### [Task to carry out]
Write back every entry exactly as it reads, with the pictures left behind.

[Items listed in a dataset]
|---|

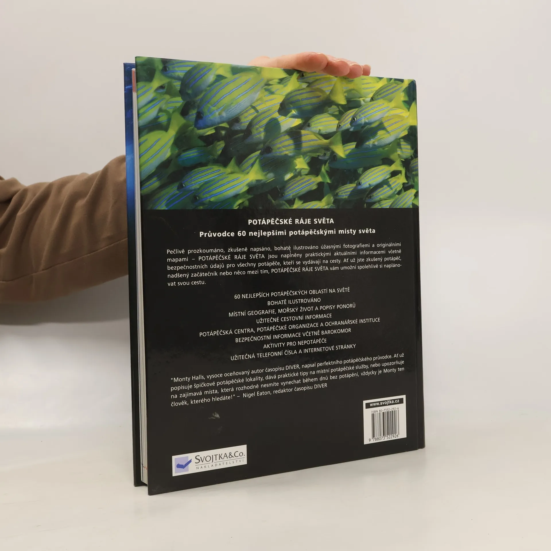 Tato kniha je obsáhlým průvodcem šedesáti nejlepšími potápěčskými místy světa. U každé oblasti přináší informace o viditelnosti, teplotě vody, možnostech příjezdu na místo či vízových požadavcích. Jsou tu i podrobnosti o místopisu, podmořském životě v celé oblasti a podrobné popisy vybraných potápěčských lokalit. Každé z popisovaných míst je označeno podle obtížnosti a zakresleno na přehledné mapě okolí. Kniha je doplněna celou řadou nádherných snímků od profesionálních potápěčů.
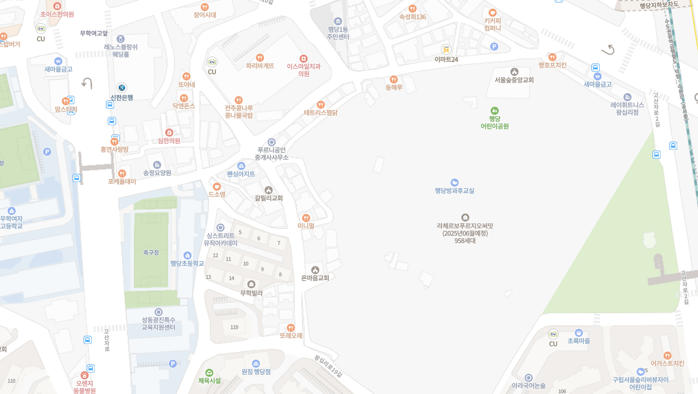 - 위치: 서울특별시 성동구 행당도 128번지 일대, 지도, 주변 시설 (학교, 마트, 병원 등)
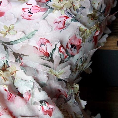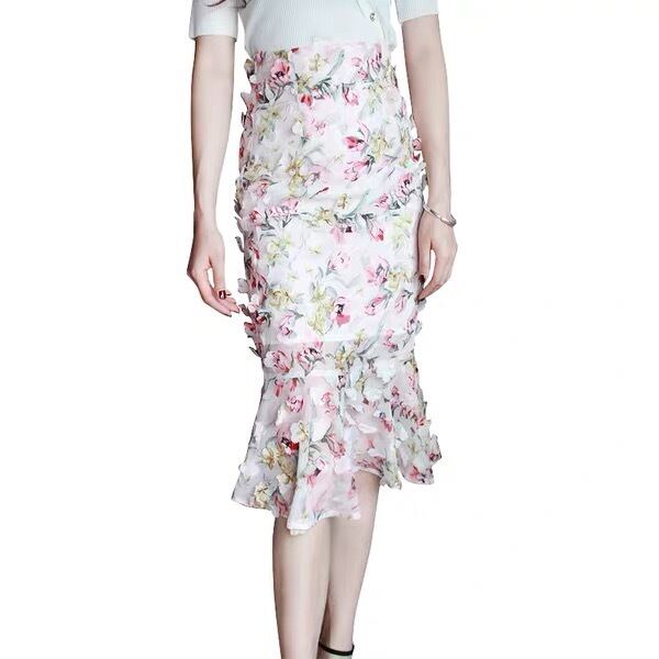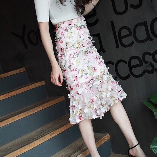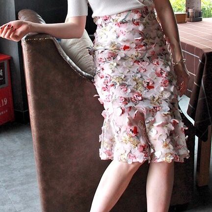 ふわふわの花びらがついているような華やかフラワースカート。マーメイドラインでエレガント。
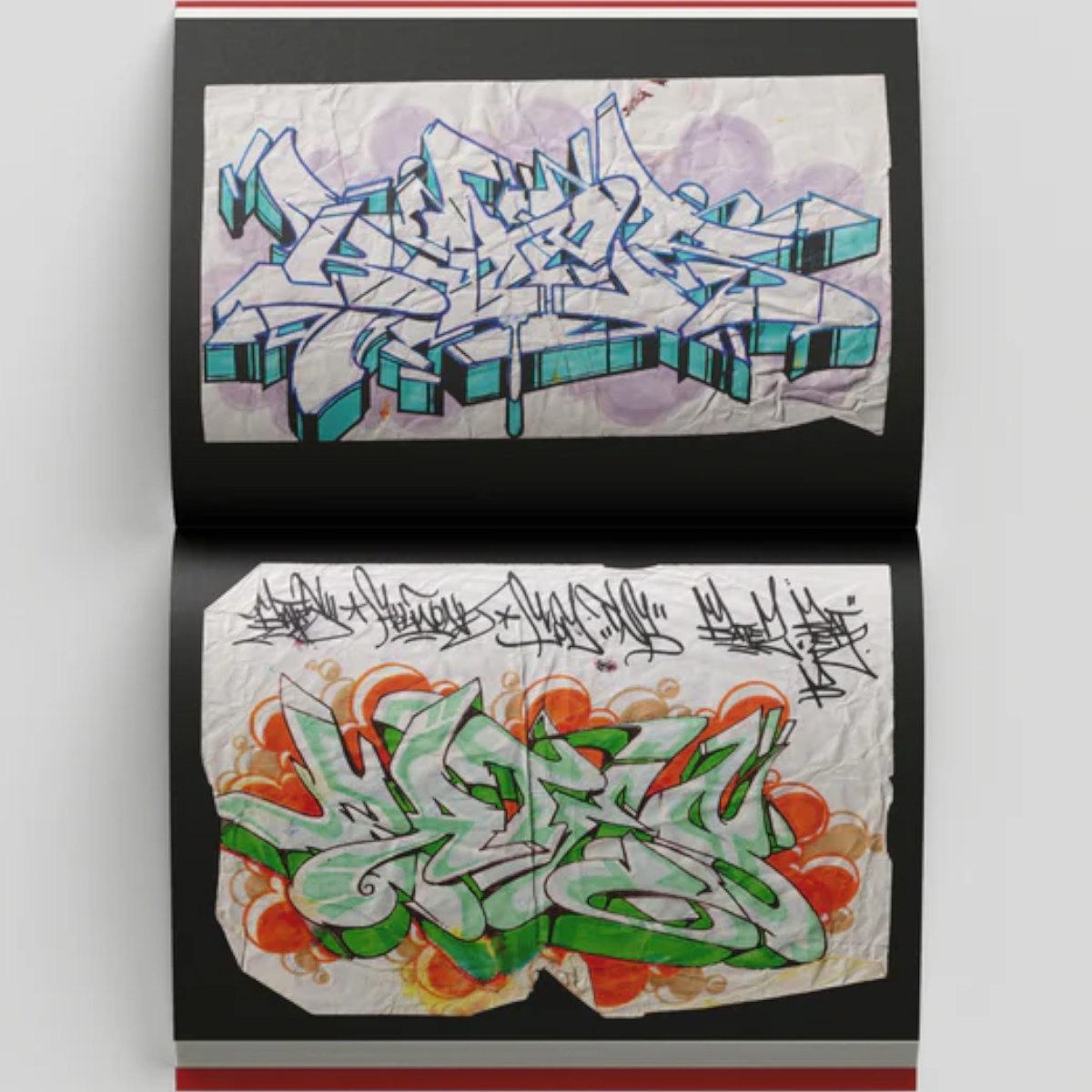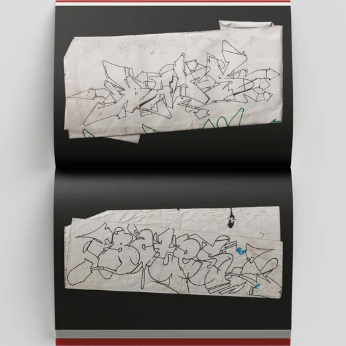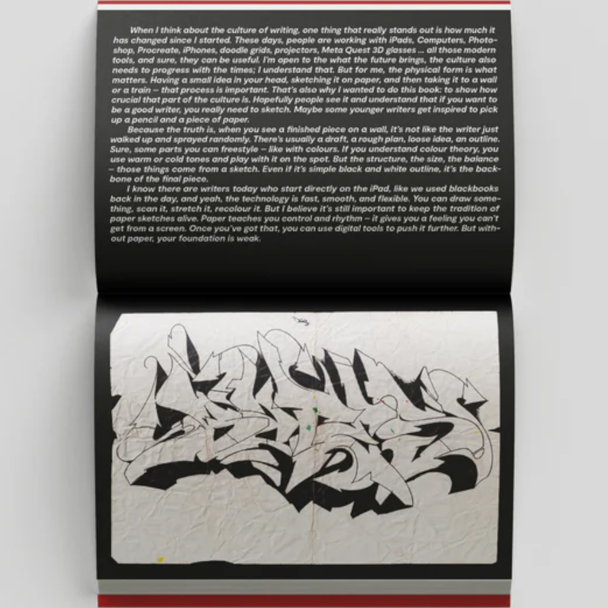 Aber dieses Buch ist anders: Es dreht sich ausschließlich um seine eigenen Skizzen. BATES hat sie alle aufgehoben – roh, authentisch und voller Energie. Tausende. Du wirst sie genau so vorfinden, wie sie sind: mit Farbe markiert, von Sprühstaub bedeckt, mit schnellen Notizen versehen, durch das Tragen in Taschen gefaltet oder durch Nächte im Freien gezeichnet. Jede Skizze bietet einen unmittelbaren Einblick in seinen Prozess und seine unermüdliche Hingabe zum Style.
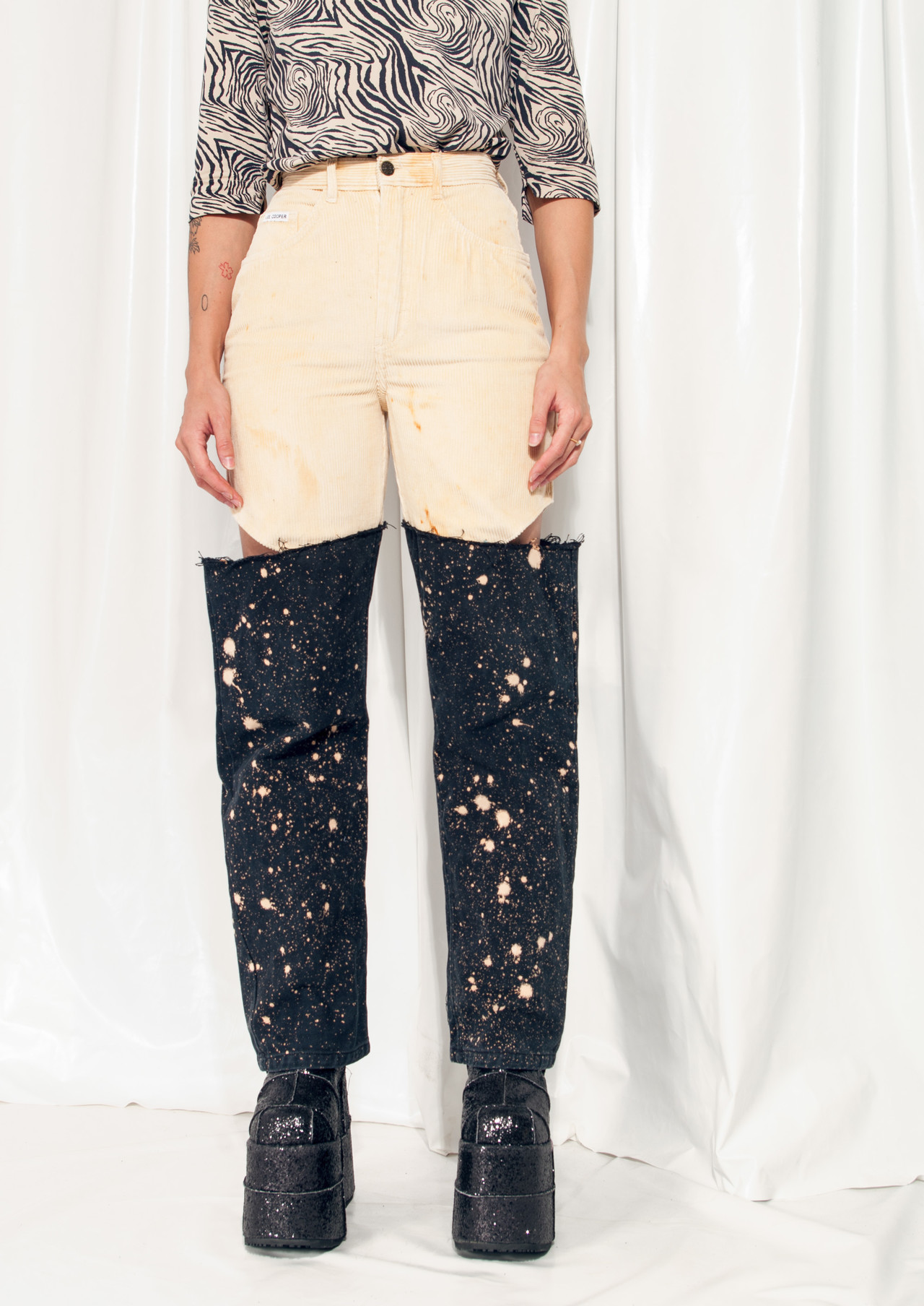Insane reworked vintage trousers made by us in our small home studio. We matched a pair of 80s Lee pants with the legs of shiny 90s jeans to get this rad look. The Lee trousers are extra high-waisted and we rust dyed them, the jeans are bleach-painted. This one-off gem features five pockets and a zip closure.
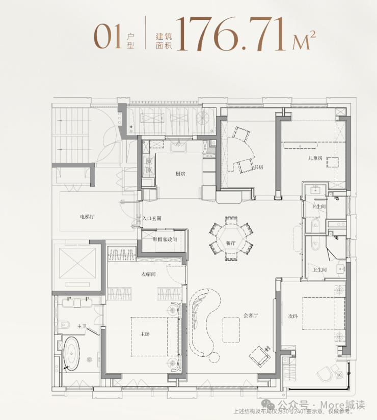 在深度定制方面,项目强调“功能可选、空间可变、品质升维”,使居所得以升华为承载居者个性与精神的容器,精准匹配人生不同阶段的上行轨迹。
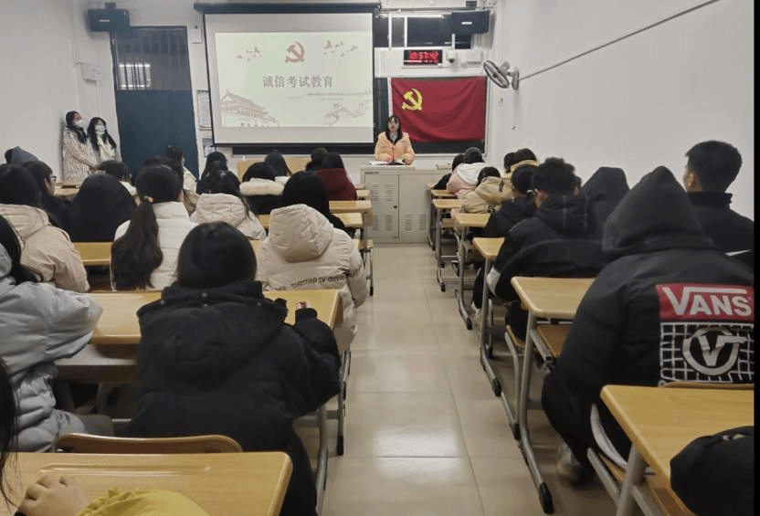 首先,由支部党员郭成敏带领同学们重新学习学生手册关于考试管理制度,讲述了考试作弊的危害性,引导同学们严格遵守校级校规,诚信参加考试,做文明大学生。其次,她给全体同学分享了备考的方法。同学们要制定合理的复习计划,做好时间管理,端正态度,保持积极的备考心态。最后,党员党延伟老师强调,同学们要从自身做起,严于律己,杜绝考试作弊现象的发生,同时预祝同学们在期末考试中取得优异的成绩。
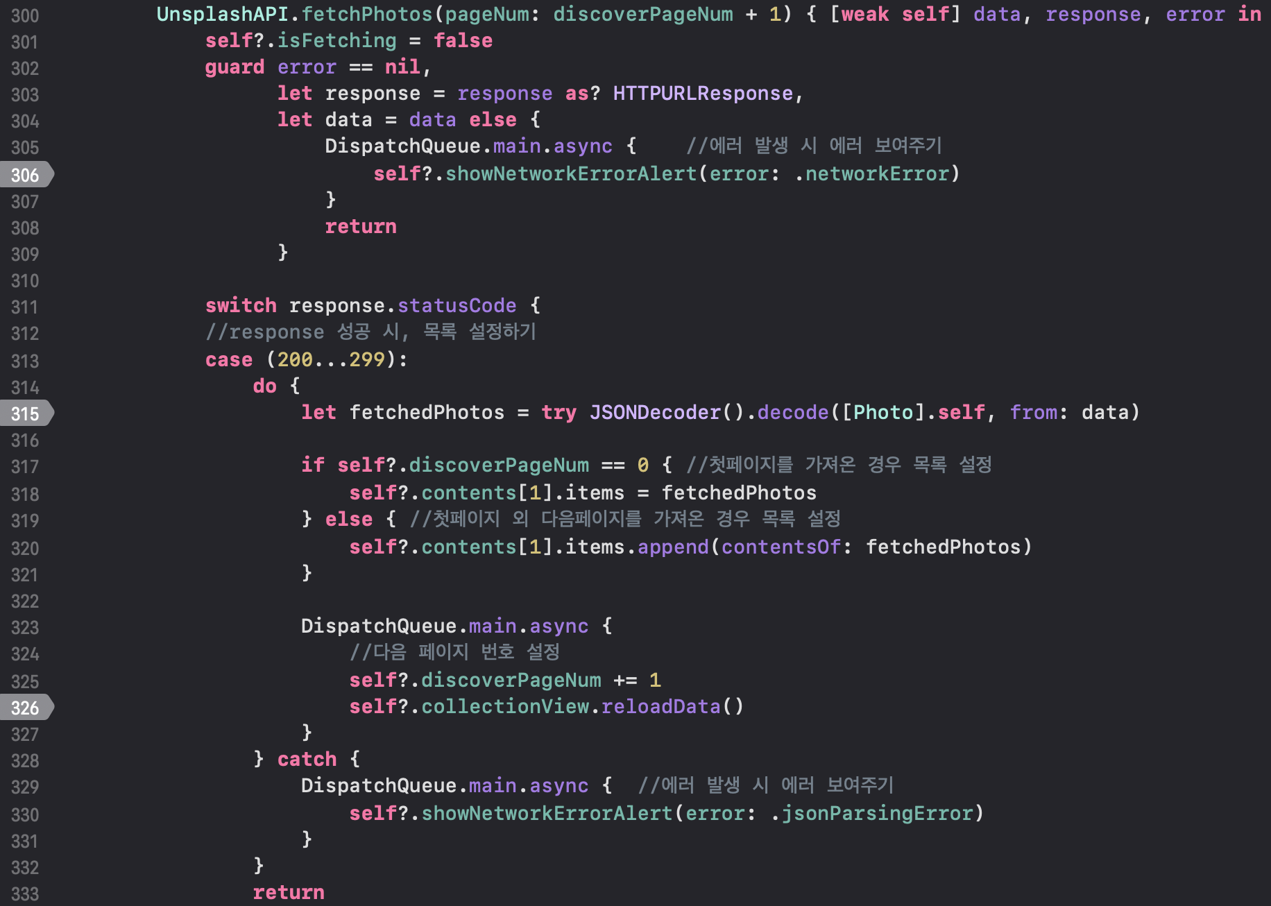 300라인에 weak self를 사용했고, 315라인에 JsonDecoder().decode도 보여요.

|---|

### [The completed task]
 Tato kniha je obsáhlým průvodcem šedesáti nejlepšími potápěčskými místy světa. U každé oblasti přináší informace o viditelnosti, teplotě vody, možnostech příjezdu na místo či vízových požadavcích. Jsou tu i podrobnosti o místopisu, podmořském životě v celé oblasti a podrobné popisy vybraných potápěčských lokalit. Každé z popisovaných míst je označeno podle obtížnosti a zakresleno na přehledné mapě okolí. Kniha je doplněna celou řadou nádherných snímků od profesionálních potápěčů.
 - 위치: 서울특별시 성동구 행당도 128번지 일대, 지도, 주변 시설 (학교, 마트, 병원 등)
 ふわふわの花びらがついているような華やかフラワースカート。マーメイドラインでエレガント。
 Aber dieses Buch ist anders: Es dreht sich ausschließlich um seine eigenen Skizzen. BATES hat sie alle aufgehoben – roh, authentisch und voller Energie. Tausende. Du wirst sie genau so vorfinden, wie sie sind: mit Farbe markiert, von Sprühstaub bedeckt, mit schnellen Notizen versehen, durch das Tragen in Taschen gefaltet oder durch Nächte im Freien gezeichnet. Jede Skizze bietet einen unmittelbaren Einblick in seinen Prozess und seine unermüdliche Hingabe zum Style.
Insane reworked vintage trousers made by us in our small home studio. We matched a pair of 80s Lee pants with the legs of shiny 90s jeans to get this rad look. The Lee trousers are extra high-waisted and we rust dyed them, the jeans are bleach-painted. This one-off gem features five pockets and a zip closure.
 在深度定制方面,项目强调“功能可选、空间可变、品质升维”,使居所得以升华为承载居者个性与精神的容器,精准匹配人生不同阶段的上行轨迹。
 首先,由支部党员郭成敏带领同学们重新学习学生手册关于考试管理制度,讲述了考试作弊的危害性,引导同学们严格遵守校级校规,诚信参加考试,做文明大学生。其次,她给全体同学分享了备考的方法。同学们要制定合理的复习计划,做好时间管理,端正态度,保持积极的备考心态。最后,党员党延伟老师强调,同学们要从自身做起,严于律己,杜绝考试作弊现象的发生,同时预祝同学们在期末考试中取得优异的成绩。
 300라인에 weak self를 사용했고, 315라인에 JsonDecoder().decode도 보여요.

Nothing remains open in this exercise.